Thursday, 26 Dec 2024

Collapse 'threat' halts hunt for survivors of Russia high-rise blast

MOSCOW (AFP) – Russian rescuers have been forced to temporarily halt the search for dozens of missing people in the rubble of a collapsed high-rise apartment block as the building risked crumbling further, officials said on Tuesday (Jan 1), with the incident claiming at least seven lives.

Part of the 10-storey building collapsed following a gas explosion on Monday morning in the industrial city of Magnitogorsk, nearly 1,700 kilometres east of Moscow in the Ural mountains.

The Soviet-era block was home to around 1,100 people. The blast completely destroyed 35 flats, while 10 more were damaged. Residents left homeless were evacuated to a nearby school.

Battling freezing temperatures, rescuers had worked through the night combing through debris and trying to stabilise the remaining walls.

But on Tuesday morning, the head of Russia’s emergencies ministry, Mr Yevgeny Zinichev, said the operations had to be temporarily halted.

There is a “real threat of part of the building collapsing”, Mr Zinichev said.

“It’s impossible to continue working in such conditions.”

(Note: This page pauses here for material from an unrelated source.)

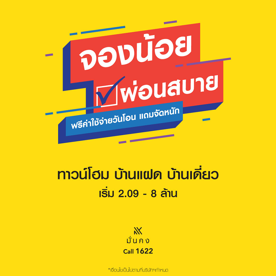 บริษัท มั่นคงเคหะการ จำกัด (มหาชน) หรือ MK บริษัทผู้พัฒนาอสังหาริมทรัพย์ เพื่อการขาย เพื่อเช่าและ เพื่อการบริการ รวบตึงทั้ง บ้านเดี่ยว บ้านแฝด ทาวน์โฮม ราคาเริ่มต้น 2.09 - 8 ล้านบาท มาให้เลือกกับโปรโมชั่น สุดพรีเมี่ยม "จองน้อย ผ่อนสบาย" พิเศษ!! สำหรับทาวน์โฮมจองเพียง 999 บาท สำหรับบ้านแฝด บ้านเดี่ยว จอง 9,999 พร้อมผ่อนสบาย ล้านละ 1,000 บาท นาน 1 ปี* จัดหนัก จัดเต็มด้วยส่วนลด สูงสุดถึง 7 แสนบาท และของแถมแบบไม่อั้น ฟรี! เครื่องใช้ไฟฟ้า เครื่องปรับอากาศ และฟรีค่าใช้จ่ายวันโอน* ตั้งแต่วันนี้ - 31 สิงหาคม 2564 นี้ เท่านั้น!
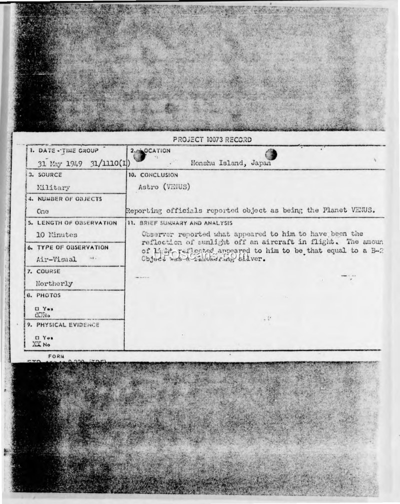 A US Air Force pilot reported a silver, circular object moving at high speed over Misawa Air Force Base on 31 May 1949. Intelligence officers concluded the object was likely the planet Venus or a foreign reconnaissance aircraft.

He added that efforts to stabilise the walls could take up to 24 hours, with emergency workers dismantling the building from the outside while hanging from cranes.

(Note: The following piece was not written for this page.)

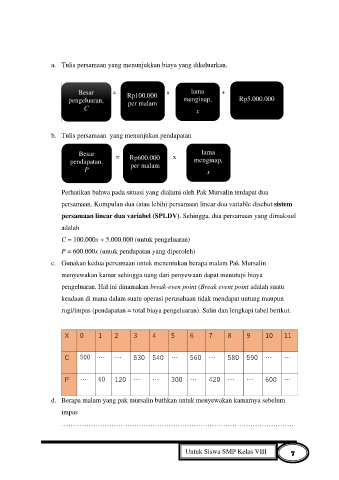 c. Gunakan kedua persamaan untuk menentukan berapa malam Pak Mursalin

After an all-night search, officials said on Tuesday morning they had found seven bodies, all of them adults. Another 37 people remain unaccounted for.

Temperatures overnight in Magnitogorsk fell to around minus 27 degrees Celsius, TASS news agency reported.

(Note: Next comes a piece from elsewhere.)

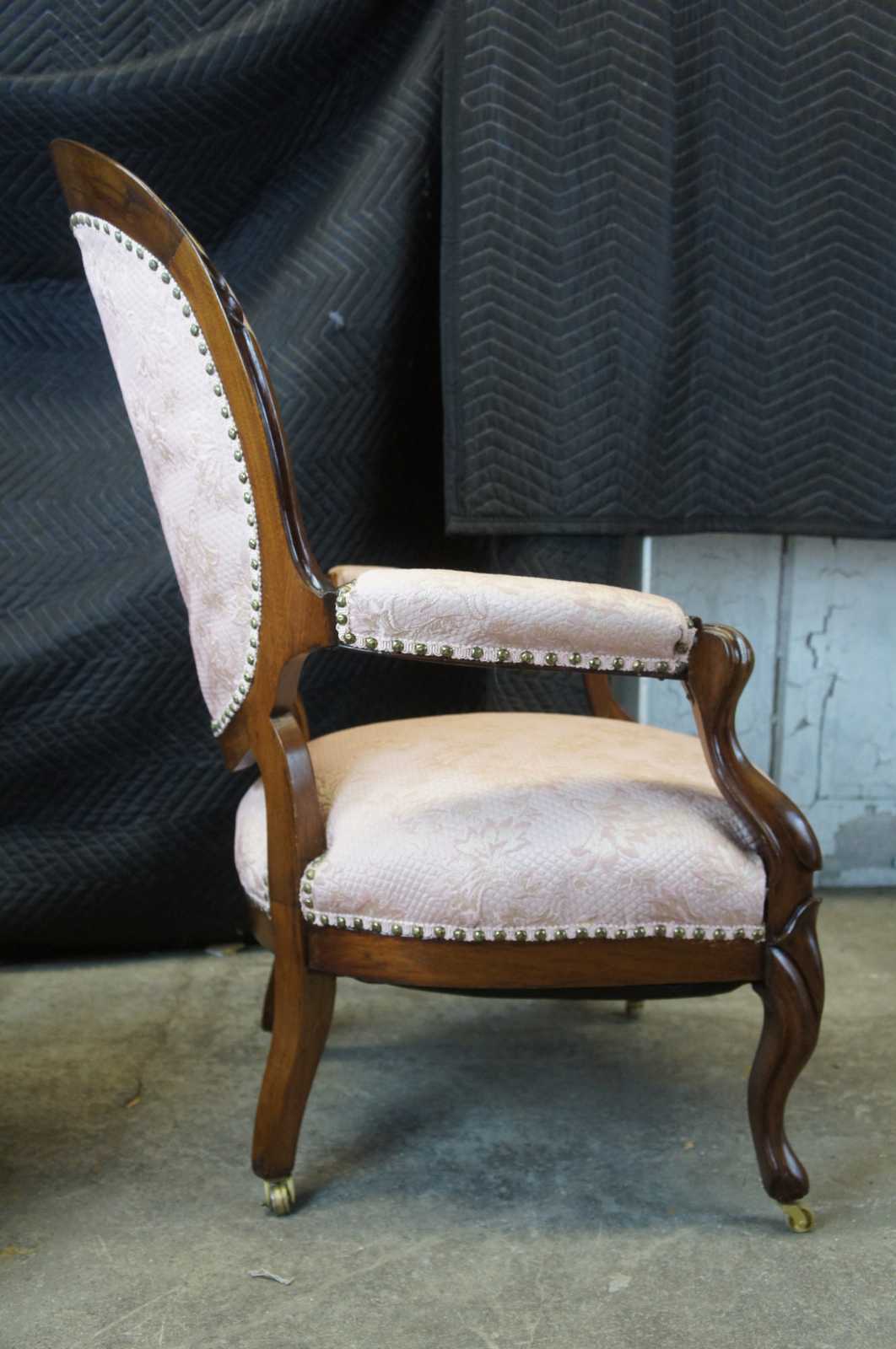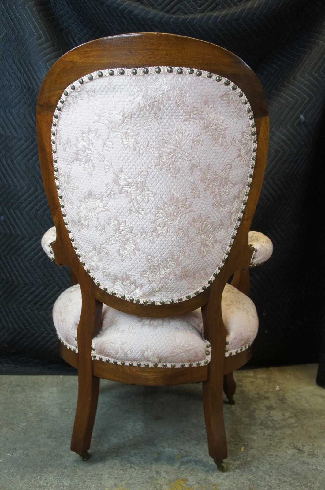 Pair of two antique Victorian his and hers parlor arm chairs. Made of walnut featuring serpentine form with blush pink floral upholstery, tufted balloon backs, padded arms, nailhead trim, and brass swivel castors.

The regional governor Boris Dubrovsky announced a day of mourning on Jan 2, with flags lowered and entertainment events cancelled, as the disaster toll set a sombre mood in Russia, where New Year’s Eve celebrations are the biggest annual festivities.

President Vladimir Putin on Monday rushed to the scene, where the blast left hundreds of residents homeless in freezing temperatures.

“It is in the character of our people, despite New Year’s festivities, to remember to think of the dead and wounded at this moment,” a grim-looking Mr Putin said.

National television showed rescue workers searching through mangled heaps of concrete and metal.

“I went out to have a cigarette at quarter-to-six,” a local man told Russian television. “There was a blast and a wave of fire… then people started running out.”

Other witnesses said the explosion was strong enough to shatter the windows of nearby buildings.

“I woke up and felt myself falling. The walls were gone. My mother was screaming and my son had been buried,” said another witness.

Located in the mineral-rich southern Urals region, Magnitogorsk, with a population of more than 400,000 people, is home to one of the country’s largest steel producers.

Investigators have opened a criminal probe into the accident, with the FSB security service confirming the blast was the result of a gas explosion.

Such deadly gas explosions are relatively common in Russia, where much of the infrastructure dates back to the Soviet era and safety requirements are often ignored.